Skip to content

yifding/deep_ed_PyTorch

Repository files navigation

PyTorch Implementation of "Deep Joint Entity Disambiguation with Local Neural Attention"

This is a PyTorch implementation of deep-ed https://arxiv.org/abs/1704.04920, original code is at https://github.com/dalab/deep-ed

Memorizing Octavian-Eugen Ganea (1987-2022)

This implementation has almost exactly the same data pre-processing and post-processing flow as original implementation in torch with lua.

Install

  1. install necessary package
$ git clone https://github.com/yifding/deep_ed_PyTorch.git
$ conda install pytorch==1.6.0 torchvision==0.7.0 cudatoolkit=10.2 -c pytorch
$ cd /path/to/deep_ed_PyTorch
$ pip install -r requirements.txt 
$ pip install --editable . 
  1. Download data files needed for training and testing from google drive link or from the box linx. Download basic_data.zip, unzip it and place the basic_data directory in ROOT_DATA_DIR=deep_ed_PyTorch/data/. All generated files will be build based on files in this basic_data/ directory.

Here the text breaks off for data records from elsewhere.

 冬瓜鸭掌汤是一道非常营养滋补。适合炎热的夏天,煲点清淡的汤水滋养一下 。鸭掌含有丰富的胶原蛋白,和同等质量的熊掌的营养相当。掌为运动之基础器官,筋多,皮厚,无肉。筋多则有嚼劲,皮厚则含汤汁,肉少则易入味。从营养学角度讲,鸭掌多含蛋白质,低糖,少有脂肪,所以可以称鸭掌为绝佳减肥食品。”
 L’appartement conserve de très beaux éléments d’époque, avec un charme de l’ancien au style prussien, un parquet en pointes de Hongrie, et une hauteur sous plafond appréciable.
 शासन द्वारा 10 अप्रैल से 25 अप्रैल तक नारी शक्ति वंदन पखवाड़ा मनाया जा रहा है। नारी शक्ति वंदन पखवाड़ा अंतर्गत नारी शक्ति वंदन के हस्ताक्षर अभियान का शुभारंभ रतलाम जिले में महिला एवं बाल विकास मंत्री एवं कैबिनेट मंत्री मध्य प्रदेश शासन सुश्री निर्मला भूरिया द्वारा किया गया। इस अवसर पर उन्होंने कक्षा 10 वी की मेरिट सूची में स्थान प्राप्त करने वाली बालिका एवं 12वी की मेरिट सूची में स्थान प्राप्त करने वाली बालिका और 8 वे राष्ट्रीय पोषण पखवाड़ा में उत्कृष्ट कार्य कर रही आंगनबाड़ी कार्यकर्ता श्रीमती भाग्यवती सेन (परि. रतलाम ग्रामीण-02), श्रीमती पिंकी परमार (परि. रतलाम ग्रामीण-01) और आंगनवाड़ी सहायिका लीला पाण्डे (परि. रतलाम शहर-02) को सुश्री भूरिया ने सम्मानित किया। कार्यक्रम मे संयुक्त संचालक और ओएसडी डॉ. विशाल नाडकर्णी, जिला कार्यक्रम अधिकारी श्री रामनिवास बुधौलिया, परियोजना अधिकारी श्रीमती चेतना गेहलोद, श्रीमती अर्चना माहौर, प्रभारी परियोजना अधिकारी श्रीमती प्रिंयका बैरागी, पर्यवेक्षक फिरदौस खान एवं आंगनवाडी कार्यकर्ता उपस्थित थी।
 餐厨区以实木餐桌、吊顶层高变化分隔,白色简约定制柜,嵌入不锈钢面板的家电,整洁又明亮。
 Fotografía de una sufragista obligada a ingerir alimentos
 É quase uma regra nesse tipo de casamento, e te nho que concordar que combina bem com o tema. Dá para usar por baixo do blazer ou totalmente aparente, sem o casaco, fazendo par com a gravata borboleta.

  2. Download pre-trained Word2Vec vectors GoogleNews-vectors-negative300.bin.gz from page https://code.google.com/archive/p/word2vec/, actual link is at https://drive.google.com/file/d/0B7XkCwpI5KDYNlNUTTlSS21pQmM/edit?usp=sharing. Unzip it and place the bin file in the folder deep_ed_PyTorch/data/basic_data/wordEmbeddings/Word2Vec.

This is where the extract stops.